The DOT Accident Register: What Most Carriers Get Wrong
Who does this apply to?
Every motor carrier operating CMVs (commercial motor vehicles — any vehicle over 10,001 lbs GVWR) must maintain an accident register, even if you've had zero accidents.
This one catches carriers off guard more than almost anything else. An auditor asks for your accident register, and you hand them... nothing. Because you didn't know you needed one. Or you thought "we haven't had any accidents" meant you didn't need to keep one.
Wrong. You need an accident register regardless of whether you've had any accidents.
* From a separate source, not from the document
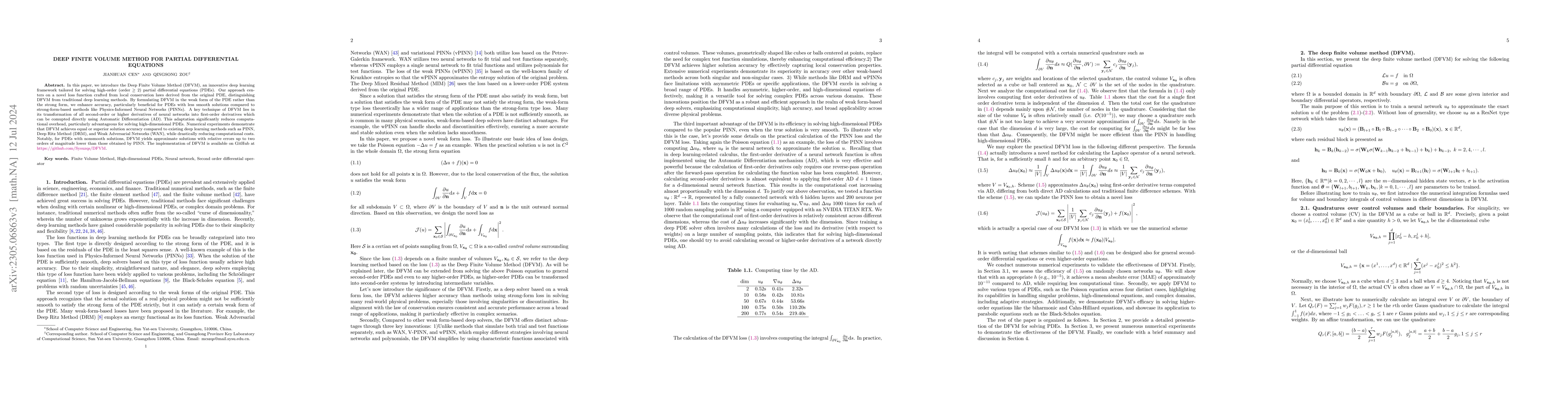The paper proposes the deep finite volume method (DFVM) for high-order PDEs, utilizing a weak form and local conservation properties over control volumes to achieve higher accuracy and lower computational costs compared to strong-form methods like PINN. Numerical experiments demonstrate DFVM's superior accuracy and efficiency for PDEs with nonsmooth solutions.

What Is the Accident Register?
Under the FMCSA regulation requiring carriers to maintain an accident register (49 CFR §390.15), every motor carrier must maintain a register of all accidents (as defined by FMCSA) involving any vehicle operated under its authority. The register must include:
- Date of accident
- City/town and state where it occurred
- Driver's name
- Number of injuries
- Number of fatalities
- Whether hazardous materials were released
What Counts as a "Recordable" Accident?
FMCSA's definition is specific. A DOT-recordable accident (an accident involving a CMV that results in a fatality, bodily injury requiring medical treatment away from the scene, or disabling damage requiring a vehicle to be towed) involves a CMV operating on a public road where:
- A fatality occurred, OR
- Someone was injured and transported for medical treatment, OR
- A vehicle was disabled and had to be towed from the scene
Fender benders in a parking lot? Not recordable. A sideswipe on the highway where nobody got hurt and both vehicles drove away? Not recordable. A rear-end collision where the other driver went to the ER? That's recordable — even if it wasn't your driver's fault.
Retention Period
Keep the accident register for 3 years after the date of the accident. Along with the register, you should also retain copies of any accident reports filed with law enforcement, insurance claims, and photos.
The Blank Register
If you haven't had any recordable accidents, you still need to maintain the register — it just has no entries. Having a blank register ready to show an auditor demonstrates you know the requirement exists. It's a small thing, but it signals to the auditor that you take compliance seriously.
GVWR (Gross Vehicle Weight Rating — the maximum allowable weight of a vehicle including cargo, passengers, and fuel as set by the manufacturer) and CMV Thresholds
Remember: the CMV threshold for accident register purposes is 10,001 lbs GVWR. This is a common point of confusion — the CDL threshold is 26,001 lbs, but the accident register (and many other FMCSA requirements) kicks in at the lower 10,001 lb mark. If your vehicle's door sticker shows a GVWR of 10,001 lbs or more, you need an accident register.